O direito de família foi reformado, mas a família não: o que resta da lei de 1975?

Há datas que não devem ser arquivadas , mas devem ser tratadas com cautela. Porque elas nos dizem o quanto estamos atrasados e o quanto, apesar das comemorações, ainda estamos. 19 de maio de 1975 é um deles. Naquele dia, há cinquenta anos, a Itália, doze meses após a vitória do referendo sobre o divórcio , continuava o caminho da emancipação de si mesma, aprovando a lei 151 e reformando o direito de família.
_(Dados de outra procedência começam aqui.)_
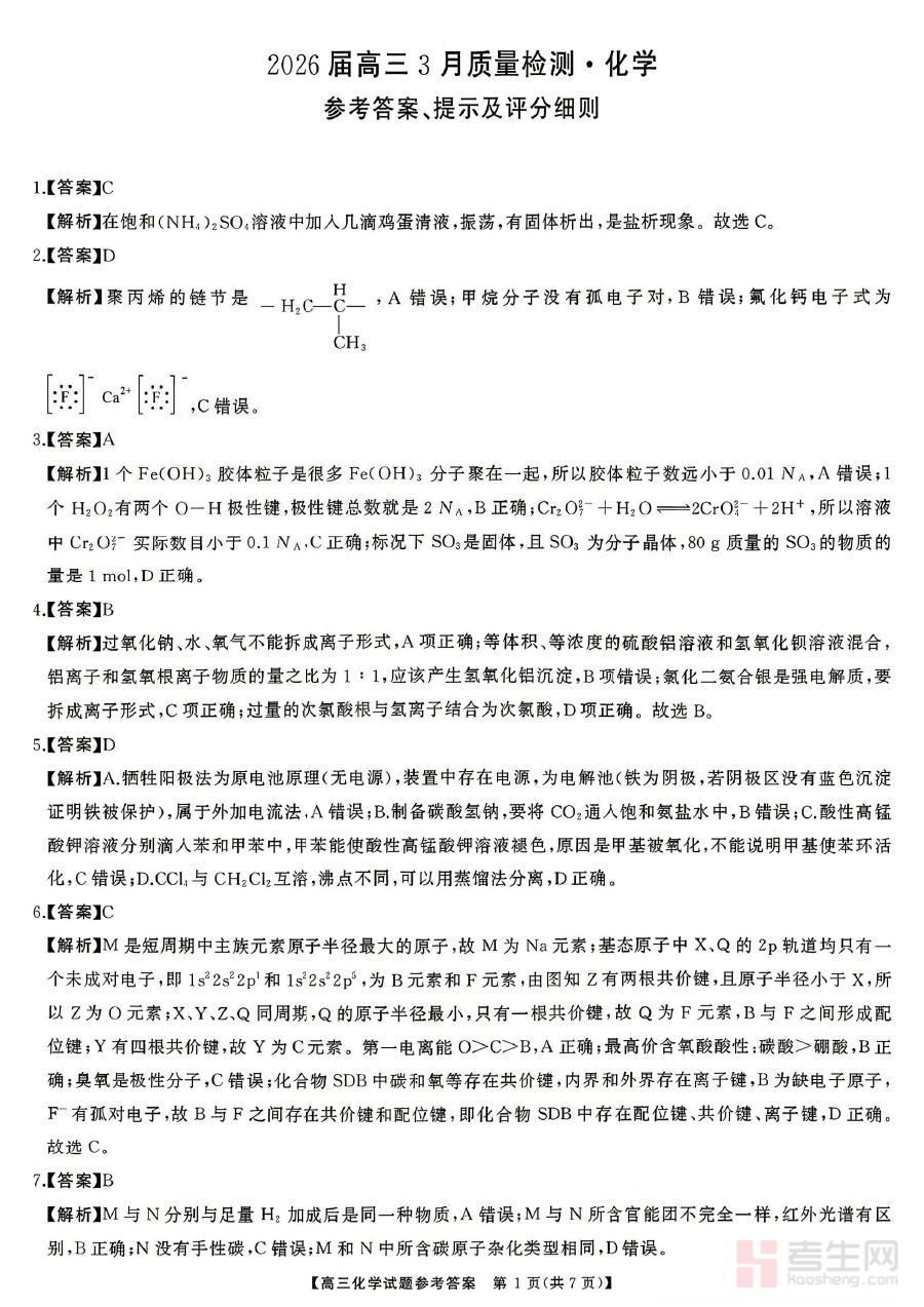 《化学试题卷答案 湖南天壹名校联盟2026届高三年级3月质量检测(3.30-3.31)》是湖南省天壹名校联盟针对2026届高三学生组织的3月质量检测的配套答案资料。该检测属于高三下学期重要的阶段性评估考试,覆盖联盟内多所优质高中的高三学生群体,旨在通过统一命题与检测全面评估学生化学学科知识掌握水平、解题能力及应试技巧,本答案为此次检测提供了权威标准的解答参考依据。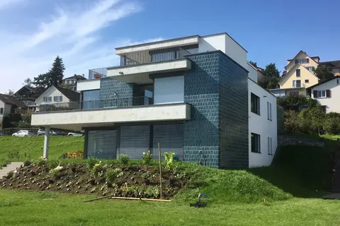 Fünf Mehrfamilienhäuser (Einsteinmauerwerk) wurden nach Minergie® Standard mit 55 modernen Mietwohnungen gebaut – unweit von Kindergarten und Schulen gelegen.
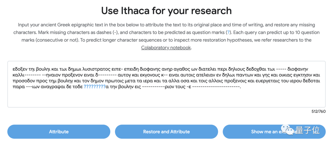 Ithaca现在提供了在线试用的途径,登录官网,在方框中中输入古希腊铭文,将缺少的字符标记为破折号(-)),将预测的字符标记为问号(?)。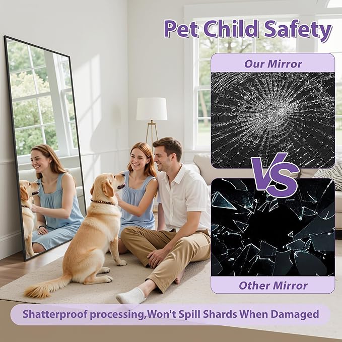 Full Length Mirror, 58"x21" Oversized Floor Mirror Freestanding, Full Body Mirror Floor Standing Mirrors with Stand, Hanging Mounted Mirrors for Bedroom Living Room, Black, Rect Style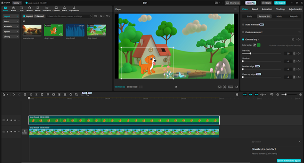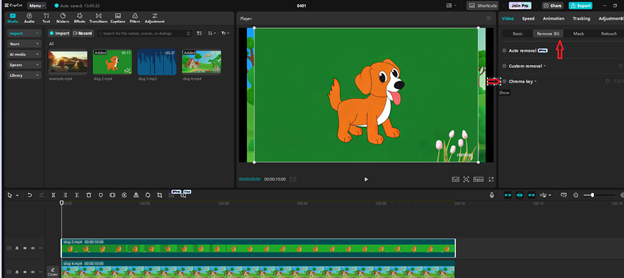 Xóa nền nhân vật: Chọn nhân vật/ Chọn animation/ Remove BG/ Chọn Chrome key/ chọn biểu tượng cái bút ngay phía dưới và đưa vào nền màu xanh/ điều chỉnh lại kích thước nhân vật.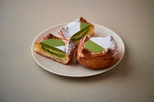 「抹茶デニッシュ」 デニッシュ生地に、抹茶アーモンドクリーム、カスタードクリームを重ねて焼き上げ、抹茶チョコレートを流して粉糖で仕上げました。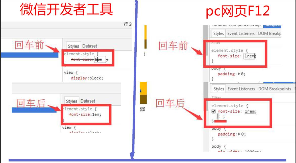 红框里,这里能不能设计成跟pc的F12一样呢?就是说调试样式的时候按回车可以开始下一串样式的编写而不是处于完成状态,z这样对于调试应该更加方便。如下图: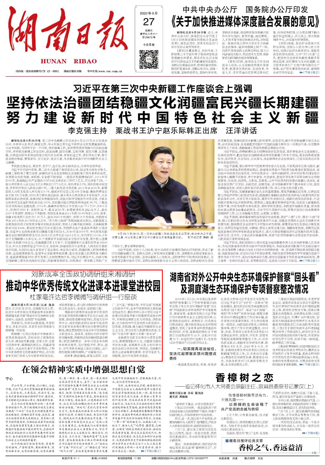 湖南日报9月26日讯(记者 施泉江)9月23日至26日,全国政协副主席、民进中央常务副主席刘新成率全国政协调研组来湘开展“推动中华优秀传统文化进课本、进课堂、进校园”专题调研。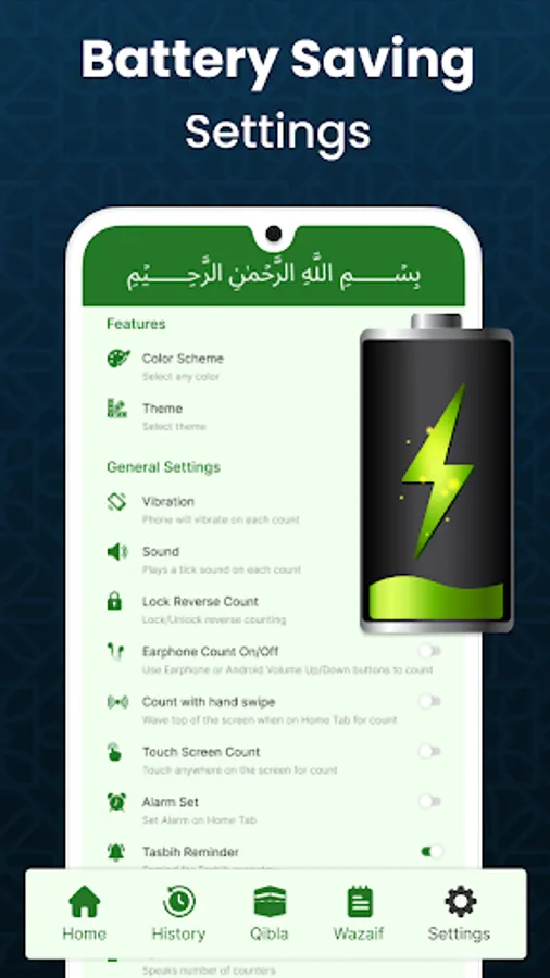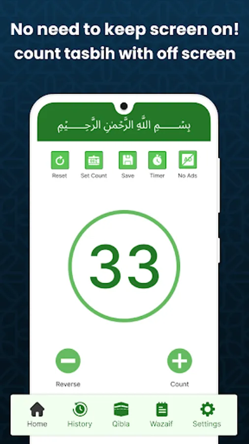 • No need to keep screen on: you can count zikr with screen off also! Use the 'hand swipe count' (proximity sensor) feature.

Fim do poder familiar, igualdade jurídica entre os cônjuges, comunhão de bens, reconhecimento do trabalho doméstico como contribuição à vida familiar. Uma revolução, no papel. Mas o que resta dessa promessa de emancipação? Em 1975, a lei estabeleceu que marido e mulher tinham os mesmos direitos e deveres . Não antes. Primeiro, ele decidiu. Ela se apresentou. Antes, ele trazia o dinheiro, ela o sobrenome. Ele era a “cabeça”, ela era o “pescoço”. E se essa metáfora soa estranha hoje, é porque durante meio século fingimos tê-la superado, enquanto ainda lutamos para resolver a quadratura do círculo das desigualdades de gênero.
A família mudou, mas não o suficienteEm cinquenta anos, a família mudou, sim . Mas não o suficiente. As mães trabalham (quando podem), separam-se (se podem), criam os filhos sozinhas e sustentam economias familiares inteiras . Mas se um pai morre, ninguém pergunta quem criará os filhos. Se uma mãe morre, todos perguntam. A lei mudou sua forma, mas a substância ainda é moldada pelo patriarcado. Silencioso, sutil, não mais “codificado”, mas profundamente incorporado.
O que está faltando? O que falta é um sistema de bem-estar social digno desse nome , um que não transfira o fardo do cuidado para as mulheres. Há uma falta de políticas fiscais que recompensem aqueles que compartilham responsabilidades familiares, não aqueles que as delegam. Faltam creches públicas, horários escolares compatíveis com o trabalho, licenças iguais obrigatórias, mecanismos reais de reequilíbrio. Falta vontade de construir uma sociedade em que não seja normal que ela deixe de trabalhar quando nasce um filho. O que falta é a cultura que continua a representar a família como uma “vocação” feminina e não como um projeto partilhado.
O que resta do patriarcadoE depois há o invisível. O legado emocional, simbólico e profundo. Aquele que ainda pergunta “quem veste as calças” no casal. Aquele que segura sobrenomes paternos em placas de identificação, contratos, campainhas. Aquele que faz dos homens “ajudantes” e não “pais”. Aquele que nos convenceu de que a emancipação é um objetivo individual, quando deveria ser um projeto coletivo.
Então não, o patriarcado não é um fantasma . Ela continua lá, nas contas bancárias registradas somente em seu nome, nas promoções negadas a ela, nas sentenças dos tribunais perguntando "por que ela não foi embora", nas manchetes de jornais que falam de um "desabafo repentino". Está nas leis que não são feitas, nas sentenças que não protegem, nos centros de aconselhamento fechados, nos corpos que são julgados, nos empregos que não são pagos. A reforma de 1975 nos deu um léxico, mas ainda não produziu uma gramática da igualdade. Não basta dizer “igual” se o mundo continua a recompensar aqueles que nasceram com privilégios impostos a eles. Cinquenta anos depois, a única vitória que podemos comemorar é a das mulheres que continuaram lutando, apesar de tudo. Mas o Estado – isso é verdade – ainda está muito atrás. O direito de família foi reformado. O número da família. E enquanto for a mulher que tiver que se adaptar ao sistema – e não o sistema que acolhe a liberdade das mulheres – continuaremos a chamar de “norma” o que é apenas um legado.
Uma nova reforma é necessária. Não leis. Mas de pensamento . Precisamos de uma política que tenha a coragem de dizer que a igualdade não é uma concessão gentil, mas uma pré-condição para uma sociedade justa. E acima de tudo é preciso que este 19 de maio não seja um feriado para ser comemorado. Mas uma ferida ainda aberta para enfrentar.